Все части, сохраняя полковую связь, толпами, пешим строем, с сумами на плечах и с бурками под мышкой, немедленно же отправлялись из Сочи в Туапсе. Никакого довольствия. Из Туапсе громадными составами поездов доставили в Белореченскую, а оттуда так же пешим порядком в Екатеринодар. На удивление — никакого конвоя. Лишь один матрос на кабардинском коне под казачьим седлом «летал» по длинной ленте движущихся людей, выкрикивал что‑то, но его никто не слушал, и он совершенно не придирался ни к кому. Часть казаков была направлена в Армавир, главная же масса сосредоточена была в Екатеринодаре, за Дубинкой, в больших дощатых и кирпичных сараях Стахова.

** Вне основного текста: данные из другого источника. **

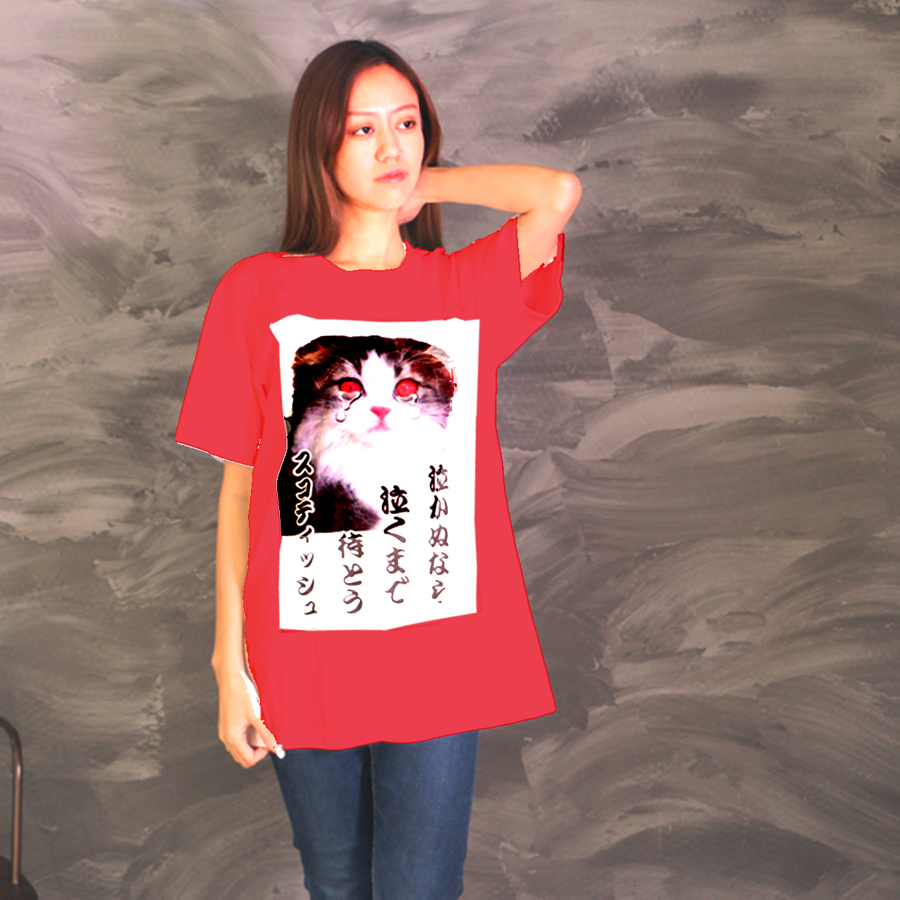 泣かぬなら泣くまで・スコティッシュ カラーデザイン 赤Tシャツ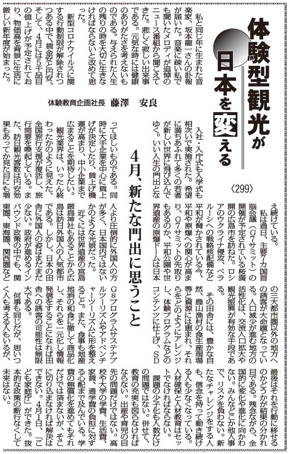 入社・入庁式も入学式も相次いで実施された。希望に満ちあふれて多くの若者が新しい世界に飛び込んでゆく。いい人生の門出となってほしいものである。同時に大手企業を中心に賃上げが決定したり、賃上げ機運が高まり、中小企業まで広まることを期待したい。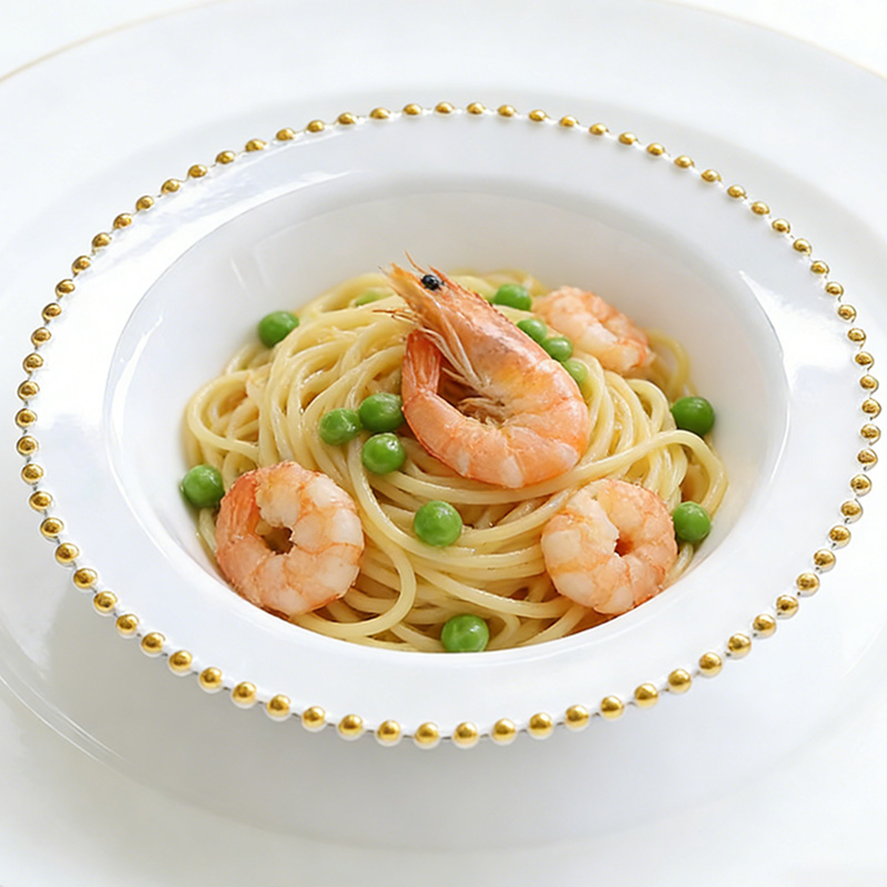 The handcrafted gold pearl beaded edge elevates the classic white bowl, turning casual picnics and formal weddings into elegant affairs.
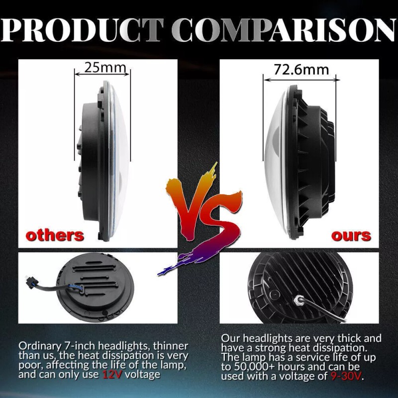 - Model: 7 Inch Round LED Headlight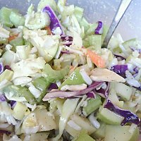 This is a crunchy, Russian salad. I found this recipe in an old cookbook and worked with it in order to add in raw ingredients.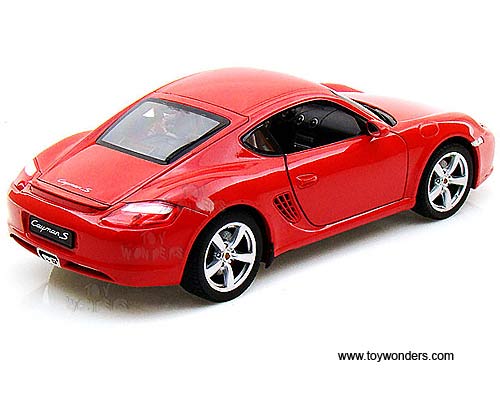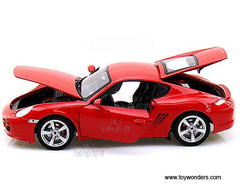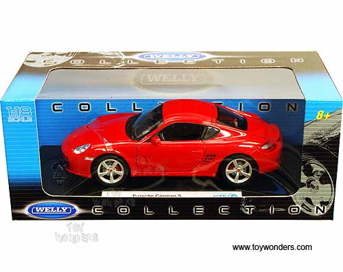 18008 Welly - Porsche Cayman S Hard Top. 1:18 scale diecast collectible model car. This Porsche Cayman S is a 9.25"Lx 3.5"Wx 2.5"H diecast collection car with openable doors, hood & trunk. It features steerable front wheels, detail components, and is mounted on a display plaque. This Porsche Cayman S is manufactured by Welly. 18008 is in RED color. Individually packed in a window box. Box size: 13"Lx 6.25"Wx 5.25"H.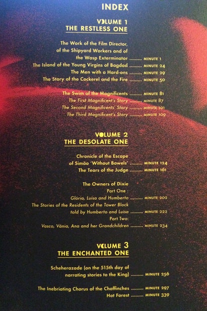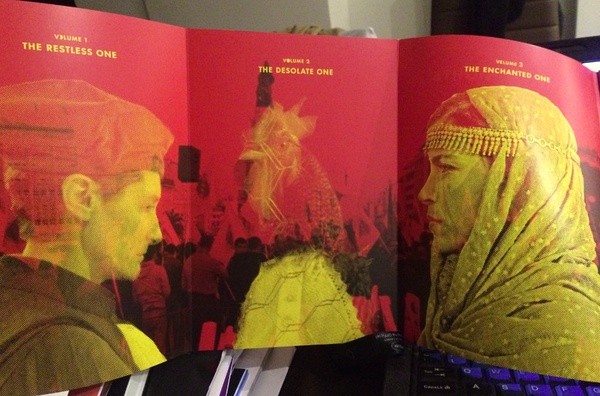 葡萄牙导演米古尔·戈麦斯的鸿篇巨制《一千零一夜》长达六个多小时共381分钟,被戛纳电影节主竞赛拒绝后去了导演双周单元,并一分为三放映,第一部分叫“不安之人”,第二部分叫“凄凉之人”,第三部分叫“迷醉之人”。这部片用了《天方夜谭》“故事中的故事”叙事结构,在第一部分一开始,戈麦斯正在拍摄一部关于一所造船厂关门造成大量人员失业的纪录片,与此同时他也对自己的创作感到困惑和手足无措,于是他开始讲故事。这个故事关于一座“处女岛”,岛上有个女人叫山鲁佐德每晚都会给国王讲故事。然后影片再进入第三层空间,将“处女的故事”影像化,三段故事分别叫“勃起的男人”“公鸡与火焰”与“高尚之泳”。每一个故事都有魔幻元素,例如鲸鱼肚子里的诊所,会说话的公鸡,使男人壮阳的魔法师,但每一个故事的风格有不尽相同,有政治讽刺,也有新闻纪实。

Лагерный режим был не строгий. Из станиц прибывали родичи с продуктами и свободно допускались в лагерь. Через несколько дней приказано генералам и штаб–офицерам построиться со своими вещами. Их, числом около восьмидесяти, отправили в ростовский концентрационный лагерь, в котором было много тысяч донских казаков после новороссийской катастрофы. Группу возглавил генерал Морозов на положении заключенного. Нами началась «разгрузка» не только что лагерей на Кубани, но разгрузка всей Кубани — офицеров и урядников «в далекие края»… Через 15 — 20 дней наша «Морозовская группа» старших кубанских офицеров была уже в Костроме, заключенная в крепкую губернскую тюрьму старого времени.

вернуться

99

Корниловский конный полк (1–й Кубанский конный полк). Сформирован как Кубанский конный дивизион, в который после соединения 14 марта 1918 г. Кубанского отряда с Добровольческой армией была сведена кубанская кавалерия. Входил в состав Конной бригады, с 6 июня 1918 г. — 1–й конной дивизии как 1–й Кубанский конный полк. На начало июня 1918 г. насчитывал 510 сабель при 4 пулеметах. С 4 августа 1918 г. получил наименование Корниловского, а 14 сентября — знамя, пожалованное в 1803 г. Черноморскому войску. К апрелю 1919 г. имел около 400 человек (200 сабель), на 5 октября 1919 г. — 334 сабли при 21 пулемете. Летом — осенью 1919 г. был придан 3–й Кубанской казачьей дивизии. В апреле 1920 г. капитулировал под Адлером. Вновь образован в Крыму из собравшихся там чинов полка 7 июля 1920 г. и вошел в состав 1–й Кубанской казачьей дивизии (II). На 27 октября 1920 г. имел 300 сабель, 16 пулеметов. Награжден серебряными трубами ордена Св. Николая Чудотворца. После эвакуации Крыма на о. Лемнос вошел в состав 3–го Сводно–Кубанского полка. Командиры: подполковник А. Корнилов, полковник Г. Я. Косинов (апрель — май 1918 г.), полковник В. Г. Науменко (27 июня — 12 августа 1918 г.), войсковой старшина Ермоленко (12 августа — 7 сентября 1918 г.), полковник Федоренко (7 — 17 сентября 1918 г.; убит), войсковой старшина (полковник) Н. Г. Бабиев (17 сентября 1918 г. — 26 января 1919 г.), есаул (войсковой старшина) Ф. И. Елисеев (февраль — 18 июня 1919 г.), полковник Головин (с 18 июня 1919 г.), войсковой старшина В. Безладный (апрель 1920 г.), полковник Макеев (октябрь 1920 г.).